The keystone of the whole conference for me was the Town Hall conversation between marketers and bloggers, Marketing to Women of Color: The Real Deal. It was a moderated dialogue between marketers and bloggers and was easily my favorite talk of Blogalicious. Cheryl Mayberry McKissack was a great moderator and got the best out of her 10 panelists. I was struck by the marketers' savvy about social media and blogging, compared to my general impression of the state of marketing online a few years ago. They described a big part of their jobs as educating their clients about what influence and reach mean: that they're much more complex than a single metric or ranking can express. The bloggers, all great speakers, were Veronica Arreola from VivaLaFeminista, Heather Barmore from NoPasaNada, and Shameeka Ayers (The Broke Socialite). They referred to the Women of Color Marketing Panel at BlogHer 2009 and to Stefania Pomponi-Butler and Kelly from MochaMomma's original point in 2007 at BlogHer Business, about marketers not approaching women of color who blog or their readers. I hope someone transcribes or summarizes all that the panelists at the Blogalicious Town Hall said, or that there's video.
If you want to meet some fantastic bloggers you could not do better than to click on the links for all the panelists from Blogalicious and read their blogs and Twitter feeds. You could also do a Twitter search on blogalicious09 and follow whoever says something of interest to you. You also might do a Google Blogsearch over the next few weeks to see who's talking about it. Including but not limited to!

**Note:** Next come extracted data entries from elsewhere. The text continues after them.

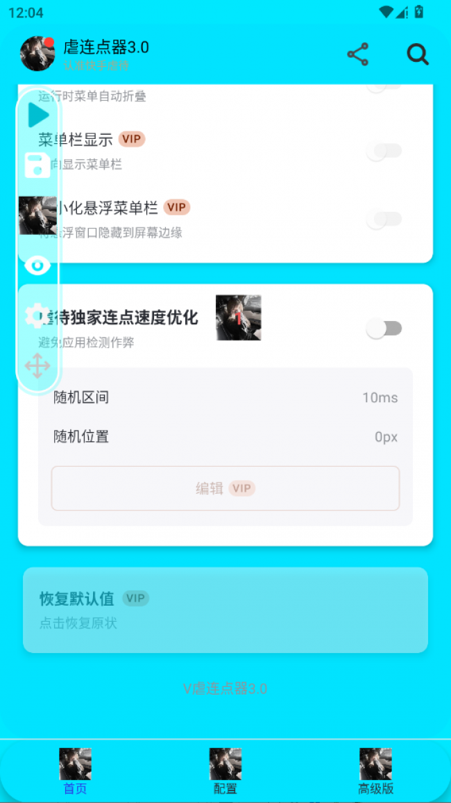 1、虐连点器3.0app支持高级点击与手势自定义,可精准调节点击位置、间隔、时长与循环次数,同时兼容多点同步点击,操作更灵活高效。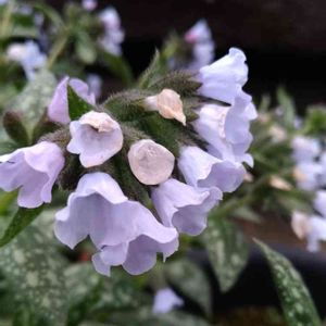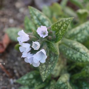 プルモナリアはブルーエンサインに続いて、二品種目。東京ですが、ブルーエンサインは難なく夏越しできたので、追加でおぎはら植物園で昨秋に購入しました。葉の模様と薄青 色の花が綺麗です。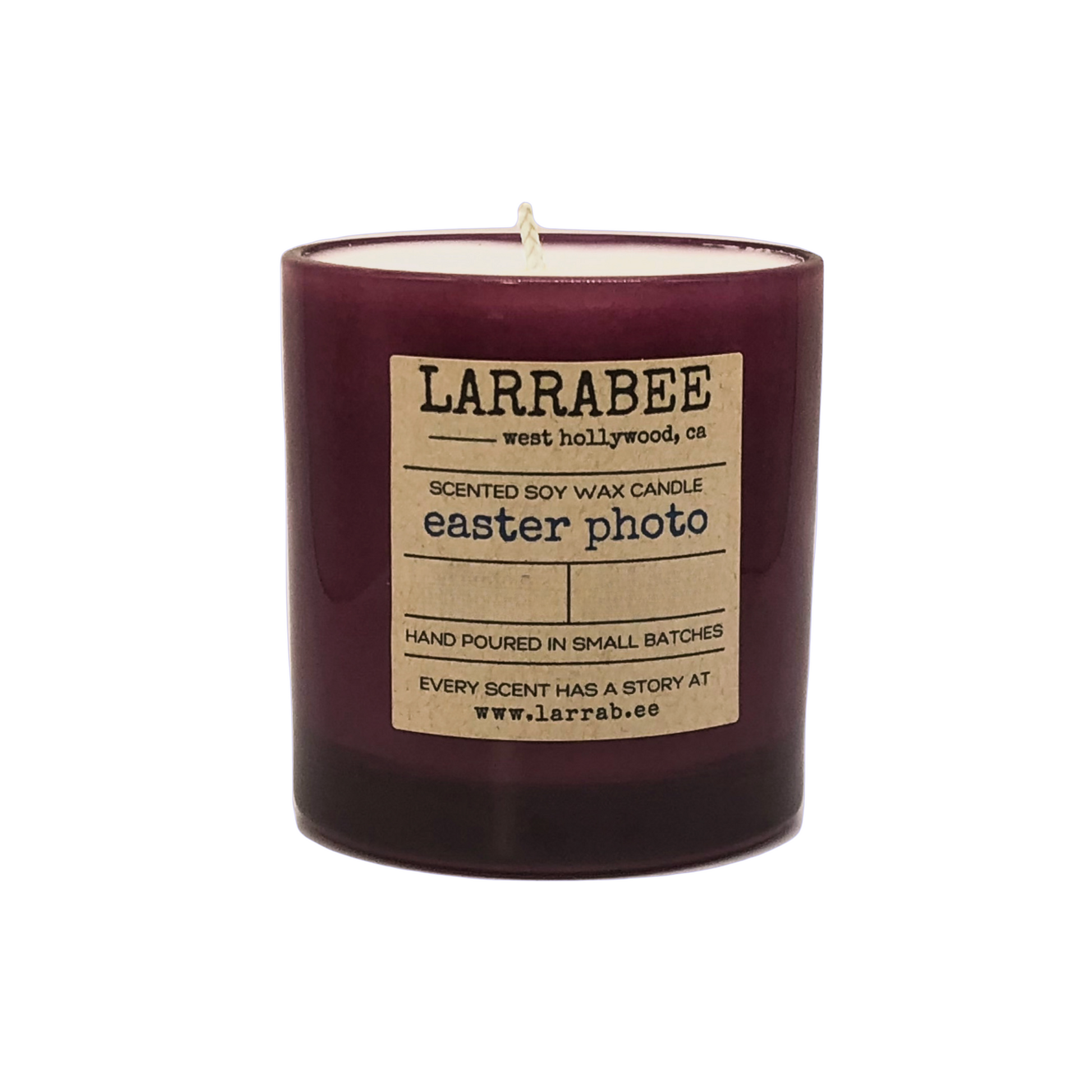 Each Easter Photo candle comes in a rich purple glass vessel filled with 7.5 ounces of premium soy wax, hand-poured for a clean, even burn. It's a perfect addition to your Easter celebration—offering a relaxing experience as you unwind from the holiday festivities. Though truthfully, this beautiful floral fragrance shines year-round whenever you need a breath of spring.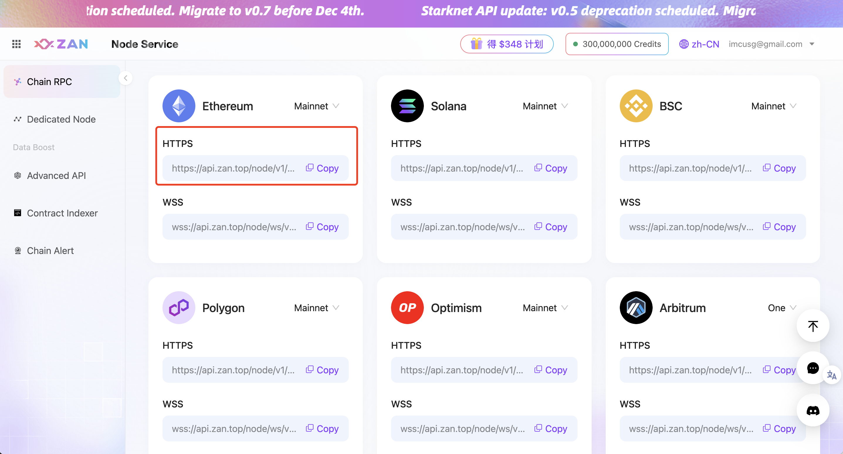 可以在https://zan.top/service/apikeys/2c33d502-7158-4e79-922f-b0d98e9a8dbb/started 创建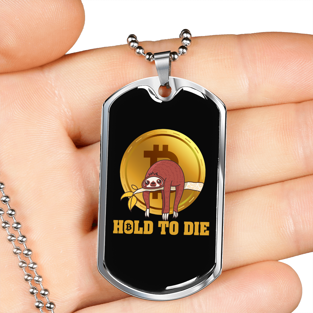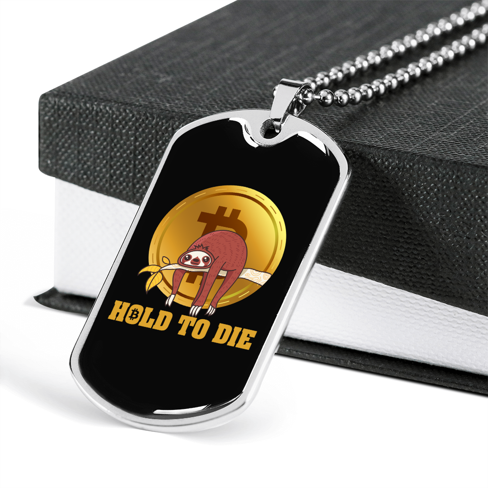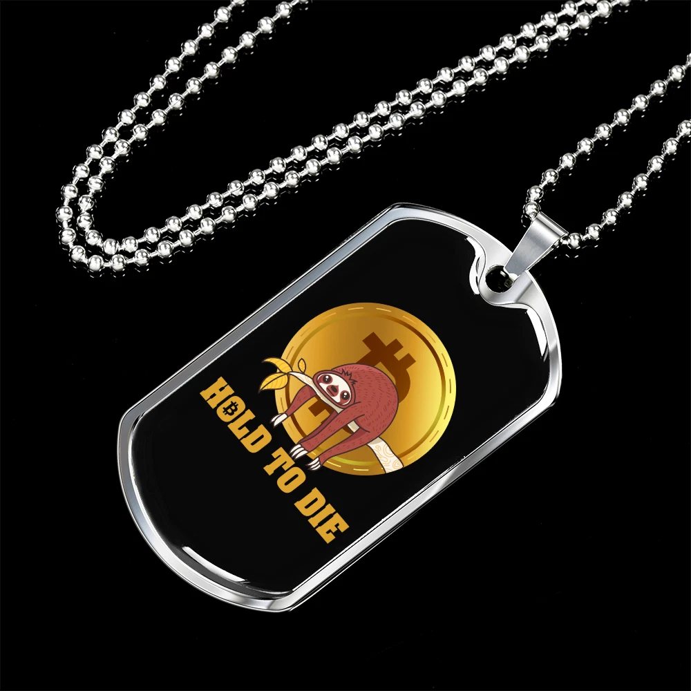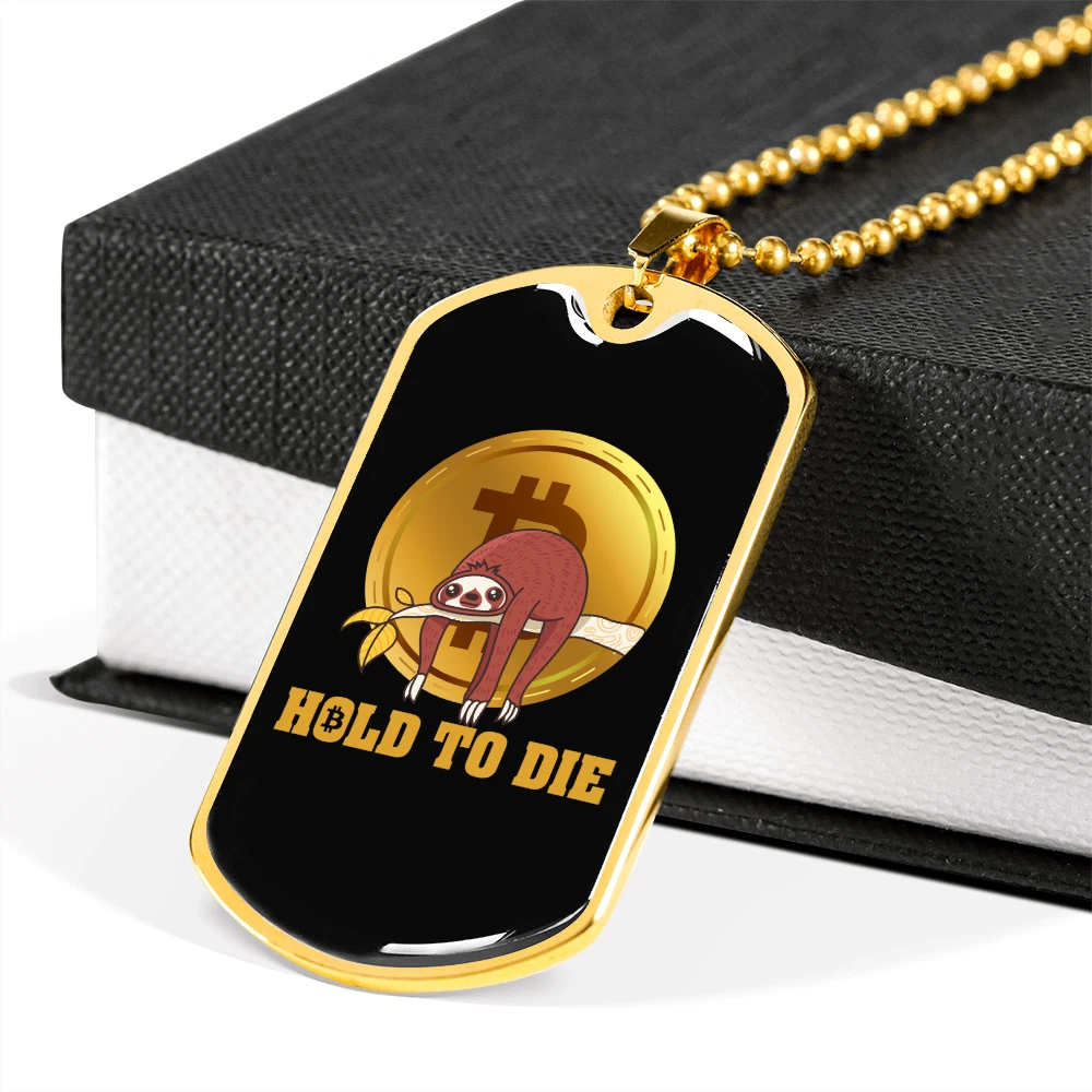 Get On The Block Crypto Necklace Stainless Steel or 18k Gold Dog Tag 24" Chain

As a member and employee of BlogHer I felt especially proud that so many people at Blogalicious had become aware of each other or had met in real life at BlogHer conferences over the past few years. It makes me happy to be part of an organization that has a strong commitment to inclusion. We especially can see that reflected in our conference speakers, who are 80% new speakers each year which prioritizes fresh voices, and this year with steady improvement, our conference speakers were 30% women of color. It is even better and makes me even happier to see a blogging conference with 99% women of color as expert speakers on the topics of blogging and social media. It seems very clear to me that Blogalicious will extend its own reach and empowerment through conferences, as well as through MamaLaw Media Group's network to connect women of color who blog with marketers and sponsors, The b-Link
I would like to add there is NO EXCUSE for us to ever see another "Web 2.0" or *ahem* "White 2.0" conference without the involvement of some of these women and their hundreds of contacts and colleagues. I hope y'all heard me. That was bold and in caps for good reason! However, one of the great things about Blogalicious is that it shows we do not necessarily need to be vying to get into the door of some other person's conference or get the attention of Mr. A-Lister even if that brings us cash and reputation. We've proved it over and over again, even while there are many amazing, supportive men in our lives. My point is, though, Blogalicious is one more example of the power women have in ourselves and in solidarity with each other.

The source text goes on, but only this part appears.